- [The problem] Please set down every line of the records below exactly, without the pictures.

- [Supplied records]
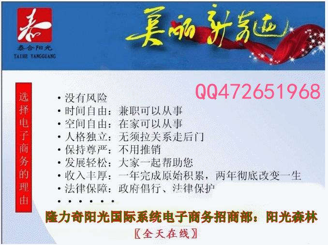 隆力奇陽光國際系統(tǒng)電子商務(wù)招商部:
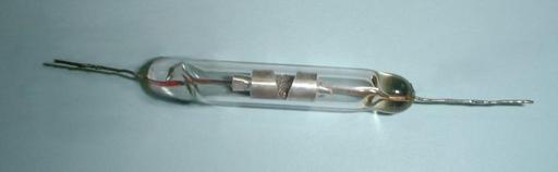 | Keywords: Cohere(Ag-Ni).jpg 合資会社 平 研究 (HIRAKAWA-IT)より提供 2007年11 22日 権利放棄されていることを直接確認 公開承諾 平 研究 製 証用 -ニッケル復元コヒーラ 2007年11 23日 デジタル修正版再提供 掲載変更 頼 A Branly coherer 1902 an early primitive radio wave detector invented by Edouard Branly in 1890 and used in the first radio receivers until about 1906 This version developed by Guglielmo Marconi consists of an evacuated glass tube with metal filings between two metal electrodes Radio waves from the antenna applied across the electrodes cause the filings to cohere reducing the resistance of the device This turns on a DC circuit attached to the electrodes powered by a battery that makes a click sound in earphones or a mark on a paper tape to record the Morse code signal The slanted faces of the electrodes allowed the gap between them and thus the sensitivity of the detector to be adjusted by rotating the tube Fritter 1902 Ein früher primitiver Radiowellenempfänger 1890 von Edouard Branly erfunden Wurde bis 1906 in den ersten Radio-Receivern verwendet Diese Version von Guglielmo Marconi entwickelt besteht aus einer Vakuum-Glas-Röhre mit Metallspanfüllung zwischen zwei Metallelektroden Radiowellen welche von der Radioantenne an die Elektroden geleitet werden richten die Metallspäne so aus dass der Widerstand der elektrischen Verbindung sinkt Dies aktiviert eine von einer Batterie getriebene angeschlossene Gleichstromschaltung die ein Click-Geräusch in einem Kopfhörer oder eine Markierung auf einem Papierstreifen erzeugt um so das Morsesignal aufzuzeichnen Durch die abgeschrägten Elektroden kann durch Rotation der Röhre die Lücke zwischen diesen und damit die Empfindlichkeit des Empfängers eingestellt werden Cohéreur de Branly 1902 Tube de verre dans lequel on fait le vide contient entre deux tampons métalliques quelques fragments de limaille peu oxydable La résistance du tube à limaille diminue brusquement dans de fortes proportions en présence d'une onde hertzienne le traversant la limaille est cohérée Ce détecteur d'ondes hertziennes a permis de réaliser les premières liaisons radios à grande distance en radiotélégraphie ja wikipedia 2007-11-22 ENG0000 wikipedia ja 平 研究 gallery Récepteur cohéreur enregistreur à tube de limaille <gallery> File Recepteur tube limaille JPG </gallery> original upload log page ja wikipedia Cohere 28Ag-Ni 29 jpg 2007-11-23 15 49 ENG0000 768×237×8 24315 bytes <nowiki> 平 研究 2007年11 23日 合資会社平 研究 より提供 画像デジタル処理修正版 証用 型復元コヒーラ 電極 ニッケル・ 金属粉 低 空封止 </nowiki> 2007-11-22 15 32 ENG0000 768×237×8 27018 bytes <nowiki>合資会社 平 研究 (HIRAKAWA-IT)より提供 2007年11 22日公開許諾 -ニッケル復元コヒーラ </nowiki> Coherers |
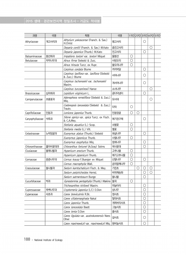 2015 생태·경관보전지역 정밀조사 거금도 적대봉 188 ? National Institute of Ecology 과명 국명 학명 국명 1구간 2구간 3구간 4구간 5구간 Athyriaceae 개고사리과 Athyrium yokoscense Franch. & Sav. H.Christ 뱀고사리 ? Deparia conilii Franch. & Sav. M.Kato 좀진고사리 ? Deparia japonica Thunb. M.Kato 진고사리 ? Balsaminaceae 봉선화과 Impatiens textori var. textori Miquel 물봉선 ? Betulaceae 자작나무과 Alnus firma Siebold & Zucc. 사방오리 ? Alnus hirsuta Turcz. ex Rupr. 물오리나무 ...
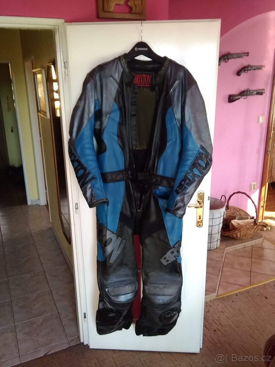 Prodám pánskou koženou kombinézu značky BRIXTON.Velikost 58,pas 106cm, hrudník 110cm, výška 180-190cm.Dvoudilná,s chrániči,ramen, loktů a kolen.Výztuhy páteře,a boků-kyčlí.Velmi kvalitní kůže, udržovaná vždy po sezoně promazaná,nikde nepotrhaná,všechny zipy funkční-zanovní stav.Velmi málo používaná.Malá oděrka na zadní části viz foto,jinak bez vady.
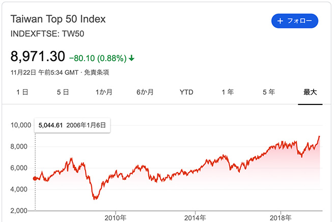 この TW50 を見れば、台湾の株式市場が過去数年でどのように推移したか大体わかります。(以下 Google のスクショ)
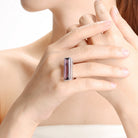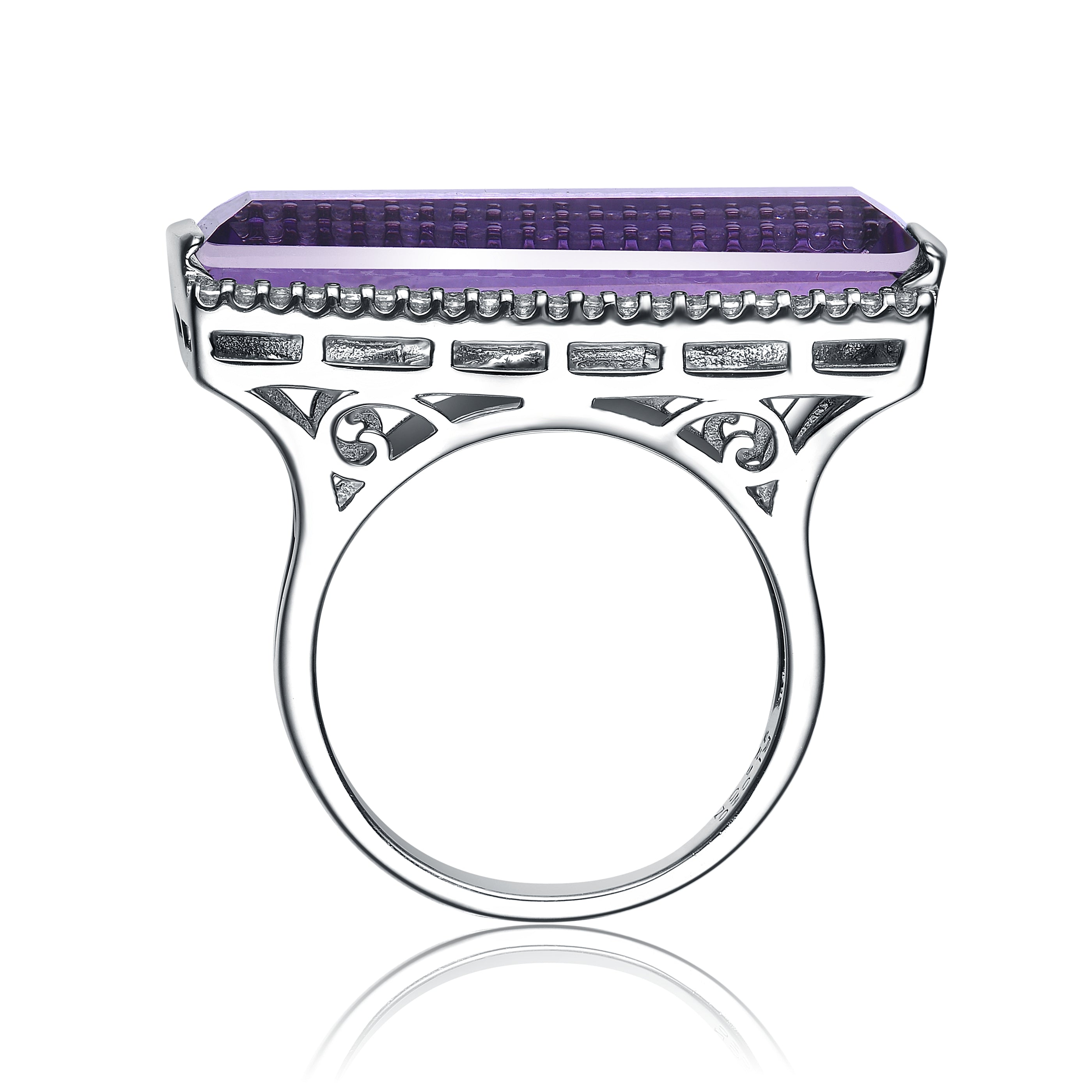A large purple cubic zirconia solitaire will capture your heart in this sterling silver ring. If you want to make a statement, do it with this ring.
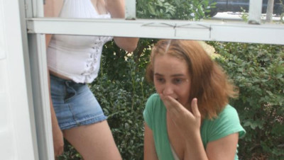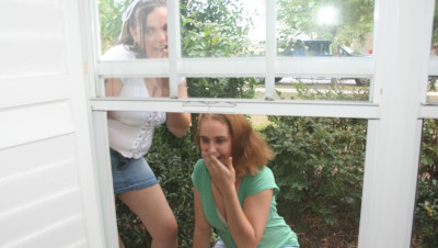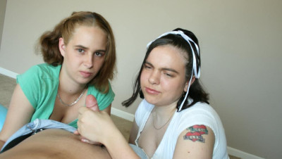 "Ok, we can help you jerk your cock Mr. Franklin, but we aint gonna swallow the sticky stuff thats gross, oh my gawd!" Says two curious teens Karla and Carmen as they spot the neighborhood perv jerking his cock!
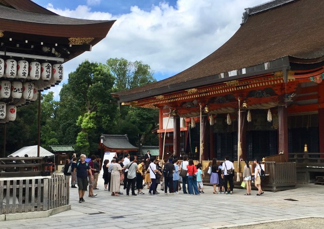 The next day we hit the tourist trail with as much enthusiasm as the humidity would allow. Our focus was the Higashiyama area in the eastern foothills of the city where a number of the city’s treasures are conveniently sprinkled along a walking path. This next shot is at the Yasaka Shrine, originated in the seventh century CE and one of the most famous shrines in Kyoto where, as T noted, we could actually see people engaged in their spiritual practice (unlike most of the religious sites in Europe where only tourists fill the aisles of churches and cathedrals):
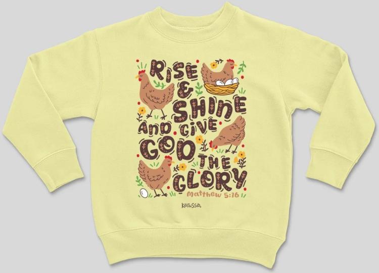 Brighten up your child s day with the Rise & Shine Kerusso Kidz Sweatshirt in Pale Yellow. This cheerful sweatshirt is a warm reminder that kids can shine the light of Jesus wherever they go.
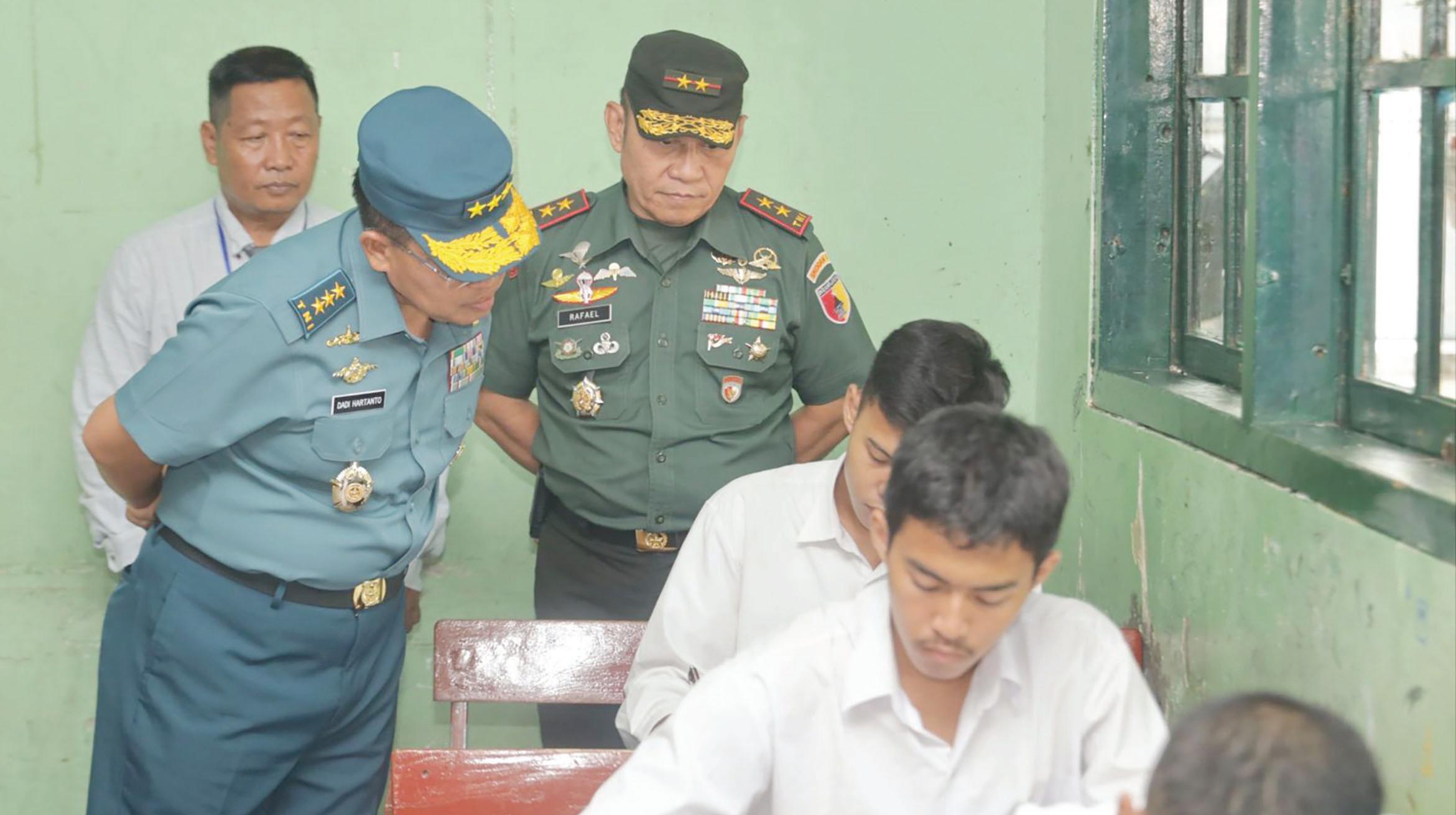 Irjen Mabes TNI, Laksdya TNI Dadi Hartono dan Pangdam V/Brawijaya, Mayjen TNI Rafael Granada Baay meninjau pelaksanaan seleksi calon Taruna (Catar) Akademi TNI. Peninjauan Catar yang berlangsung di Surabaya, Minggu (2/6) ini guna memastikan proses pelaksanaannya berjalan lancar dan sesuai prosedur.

- [Answer to the problem]
 隆力奇陽光國際系統(tǒng)電子商務(wù)招商部:
 | Keywords: Cohere(Ag-Ni).jpg 合資会社 平 研究 (HIRAKAWA-IT)より提供 2007年11 22日 権利放棄されていることを直接確認 公開承諾 平 研究 製 証用 -ニッケル復元コヒーラ 2007年11 23日 デジタル修正版再提供 掲載変更 頼 A Branly coherer 1902 an early primitive radio wave detector invented by Edouard Branly in 1890 and used in the first radio receivers until about 1906 This version developed by Guglielmo Marconi consists of an evacuated glass tube with metal filings between two metal electrodes Radio waves from the antenna applied across the electrodes cause the filings to cohere reducing the resistance of the device This turns on a DC circuit attached to the electrodes powered by a battery that makes a click sound in earphones or a mark on a paper tape to record the Morse code signal The slanted faces of the electrodes allowed the gap between them and thus the sensitivity of the detector to be adjusted by rotating the tube Fritter 1902 Ein früher primitiver Radiowellenempfänger 1890 von Edouard Branly erfunden Wurde bis 1906 in den ersten Radio-Receivern verwendet Diese Version von Guglielmo Marconi entwickelt besteht aus einer Vakuum-Glas-Röhre mit Metallspanfüllung zwischen zwei Metallelektroden Radiowellen welche von der Radioantenne an die Elektroden geleitet werden richten die Metallspäne so aus dass der Widerstand der elektrischen Verbindung sinkt Dies aktiviert eine von einer Batterie getriebene angeschlossene Gleichstromschaltung die ein Click-Geräusch in einem Kopfhörer oder eine Markierung auf einem Papierstreifen erzeugt um so das Morsesignal aufzuzeichnen Durch die abgeschrägten Elektroden kann durch Rotation der Röhre die Lücke zwischen diesen und damit die Empfindlichkeit des Empfängers eingestellt werden Cohéreur de Branly 1902 Tube de verre dans lequel on fait le vide contient entre deux tampons métalliques quelques fragments de limaille peu oxydable La résistance du tube à limaille diminue brusquement dans de fortes proportions en présence d'une onde hertzienne le traversant la limaille est cohérée Ce détecteur d'ondes hertziennes a permis de réaliser les premières liaisons radios à grande distance en radiotélégraphie ja wikipedia 2007-11-22 ENG0000 wikipedia ja 平 研究 gallery Récepteur cohéreur enregistreur à tube de limaille <gallery> File Recepteur tube limaille JPG </gallery> original upload log page ja wikipedia Cohere 28Ag-Ni 29 jpg 2007-11-23 15 49 ENG0000 768×237×8 24315 bytes <nowiki> 平 研究 2007年11 23日 合資会社平 研究 より提供 画像デジタル処理修正版 証用 型復元コヒーラ 電極 ニッケル・ 金属粉 低 空封止 </nowiki> 2007-11-22 15 32 ENG0000 768×237×8 27018 bytes <nowiki>合資会社 平 研究 (HIRAKAWA-IT)より提供 2007年11 22日公開許諾 -ニッケル復元コヒーラ </nowiki> Coherers |
 2015 생태·경관보전지역 정밀조사 거금도 적대봉 188 ? National Institute of Ecology 과명 국명 학명 국명 1구간 2구간 3구간 4구간 5구간 Athyriaceae 개고사리과 Athyrium yokoscense Franch. & Sav. H.Christ 뱀고사리 ? Deparia conilii Franch. & Sav. M.Kato 좀진고사리 ? Deparia japonica Thunb. M.Kato 진고사리 ? Balsaminaceae 봉선화과 Impatiens textori var. textori Miquel 물봉선 ? Betulaceae 자작나무과 Alnus firma Siebold & Zucc. 사방오리 ? Alnus hirsuta Turcz. ex Rupr. 물오리나무 ...
 Prodám pánskou koženou kombinézu značky BRIXTON.Velikost 58,pas 106cm, hrudník 110cm, výška 180-190cm.Dvoudilná,s chrániči,ramen, loktů a kolen.Výztuhy páteře,a boků-kyčlí.Velmi kvalitní kůže, udržovaná vždy po sezoně promazaná,nikde nepotrhaná,všechny zipy funkční-zanovní stav.Velmi málo používaná.Malá oděrka na zadní části viz foto,jinak bez vady.
 この TW50 を見れば、台湾の株式市場が過去数年でどのように推移したか大体わかります。(以下 Google のスクショ)
A large purple cubic zirconia solitaire will capture your heart in this sterling silver ring. If you want to make a statement, do it with this ring.
 "Ok, we can help you jerk your cock Mr. Franklin, but we aint gonna swallow the sticky stuff thats gross, oh my gawd!" Says two curious teens Karla and Carmen as they spot the neighborhood perv jerking his cock!
 The next day we hit the tourist trail with as much enthusiasm as the humidity would allow. Our focus was the Higashiyama area in the eastern foothills of the city where a number of the city’s treasures are conveniently sprinkled along a walking path. This next shot is at the Yasaka Shrine, originated in the seventh century CE and one of the most famous shrines in Kyoto where, as T noted, we could actually see people engaged in their spiritual practice (unlike most of the religious sites in Europe where only tourists fill the aisles of churches and cathedrals):
 Brighten up your child s day with the Rise & Shine Kerusso Kidz Sweatshirt in Pale Yellow. This cheerful sweatshirt is a warm reminder that kids can shine the light of Jesus wherever they go.
 Irjen Mabes TNI, Laksdya TNI Dadi Hartono dan Pangdam V/Brawijaya, Mayjen TNI Rafael Granada Baay meninjau pelaksanaan seleksi calon Taruna (Catar) Akademi TNI. Peninjauan Catar yang berlangsung di Surabaya, Minggu (2/6) ini guna memastikan proses pelaksanaannya berjalan lancar dan sesuai prosedur.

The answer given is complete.